The issue with values for neither OPTIONAL predicate showing up when you include both predicates appears to be a bug in the Virtuoso version currently hosting DBpedia. I encourage you to check whether it's been reported yet, report it yourself if not, and monitor the issue.
As to limiting the continent of the cities you get back -- it's usually easiest to check an entity of (or near) the sort you want, to find a relevant attribute/predicate/property. For instance, Aachen-Mitte has a dbo:country of Germany, which has a number of rdf:types including yago:EuropeanCountries -- which might be what you want, but might not yet have been applied to all such. You'll need to add a triple to your pattern like --
?country a yago:EuropeanCountries
Edit To Add
The OPTIONAL { ... } clause returns results for the entire pattern enclosed within the braces. So --
OPTIONAL
{
?city dbp:population ?population .
?city dbo:knownFor ?knownfor .
}
-- will only return values for either predicate when that ?city has values for both predicates.
If you want to get every value for either predicate, you need to split that clause into two --
OPTIONAL
{
?city dbp:population ?population .
}
OPTIONAL
{
?city dbo:knownFor ?knownfor .
}
It's easy to get both dbp:population and dbp:populationTotal, with both OPTIONAL (and adding ?populationTotal to your SELECT list) --
SELECT DISTINCT ?city
?cityName
?country
?population
?populationTotal
?knownfor
...
OPTIONAL
{
?city dbp:population ?population .
}
OPTIONAL
{
?city dbp:populationTotal ?populationTotal .
}
OPTIONAL
{
?city dbo:knownFor ?knownfor .
}
If you only want one of the population values, and especially if you have a preference of one predicate over the other, the construction gets more complex (and should be a new question).

can not find out all city from germany

I tried with this query.
SELECT distinct ?city ?cityName ?country WHERE {
?city rdf:type dbo:City .
?city rdfs:label ?cityName.
?city dbo:country ?country.
?city dbo:country dbr:Germany.
FILTER (lang(?cityName) = 'en')
} ORDER BY ?city
But some city which have dbo:country predicate and dbr:Germany value those are still not listed in the output.

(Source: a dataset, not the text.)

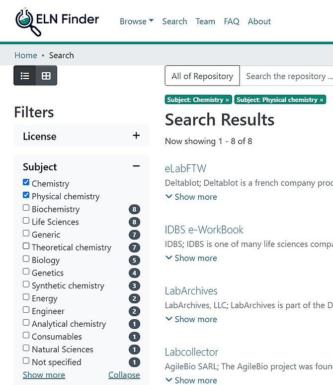 At the suggestion of the National Research Data Infrastructure for Chemistry (NFDI4Chem), the ELN Finder has been given extended criteria for the search for a suitable Electronic Lab Notebook (ELN). In the NFDI4Chem Knowledgebase, the aim was to display suitable ELNs for subdisciplines. The ELN Finder now makes it possible to filter not only by scientific disciplines such as chemistry, biology, genetics, etc., but also by subject. In chemistry, it is also possible to search for the following subdisciplines:

For example try this link http://dbpedia.org/page/Goslar . There is no "Goslar" city in output. Can anybody explain me why?
First of all, dbpedia is really a messy place. For example, Goslar, in dbpedia, is not even a city it is a dbo:PopulatedPlace dbo:Town yago:City108524735 . That's why It's not in the output. Another example is Paris. You can check it.